### [Material for this task]
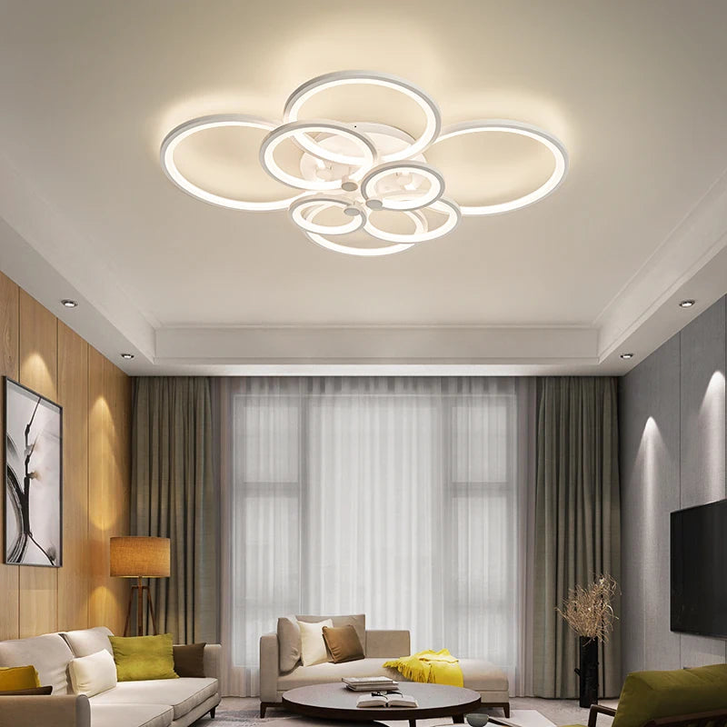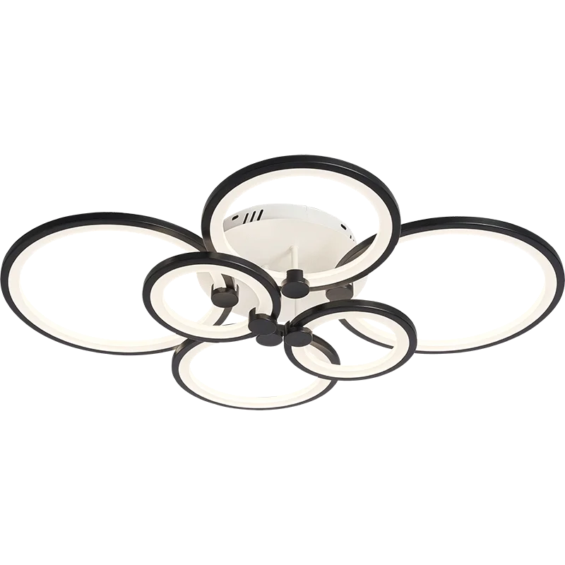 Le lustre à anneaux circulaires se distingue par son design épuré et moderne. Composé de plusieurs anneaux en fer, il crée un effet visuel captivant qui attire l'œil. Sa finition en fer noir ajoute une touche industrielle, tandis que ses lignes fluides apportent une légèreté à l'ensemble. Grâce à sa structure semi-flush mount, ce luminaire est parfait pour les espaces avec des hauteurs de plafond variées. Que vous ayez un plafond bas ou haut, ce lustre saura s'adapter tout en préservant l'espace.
---
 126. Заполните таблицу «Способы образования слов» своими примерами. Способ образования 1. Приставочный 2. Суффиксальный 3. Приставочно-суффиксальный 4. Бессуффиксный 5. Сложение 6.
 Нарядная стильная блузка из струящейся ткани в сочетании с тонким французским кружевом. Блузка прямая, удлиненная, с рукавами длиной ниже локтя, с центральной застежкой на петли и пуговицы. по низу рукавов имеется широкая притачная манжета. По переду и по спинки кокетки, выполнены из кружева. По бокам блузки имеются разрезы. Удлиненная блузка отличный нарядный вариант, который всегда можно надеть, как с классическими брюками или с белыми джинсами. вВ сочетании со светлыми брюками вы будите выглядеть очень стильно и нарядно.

### [What to do]
Your answer should be the lines of the listing above between the line holding "126. Заполните таблицу" and the line holding "Нарядная стильная блузка", inclusive, restated word for word and alone.

### [Solution for this task]
 126. Заполните таблицу «Способы образования слов» своими примерами. Способ образования 1. Приставочный 2. Суффиксальный 3. Приставочно-суффиксальный 4. Бессуффиксный 5. Сложение 6.
 Нарядная стильная блузка из струящейся ткани в сочетании с тонким французским кружевом. Блузка прямая, удлиненная, с рукавами длиной ниже локтя, с центральной застежкой на петли и пуговицы. по низу рукавов имеется широкая притачная манжета. По переду и по спинки кокетки, выполнены из кружева. По бокам блузки имеются разрезы. Удлиненная блузка отличный нарядный вариант, который всегда можно надеть, как с классическими брюками или с белыми джинсами. вВ сочетании со светлыми брюками вы будите выглядеть очень стильно и нарядно.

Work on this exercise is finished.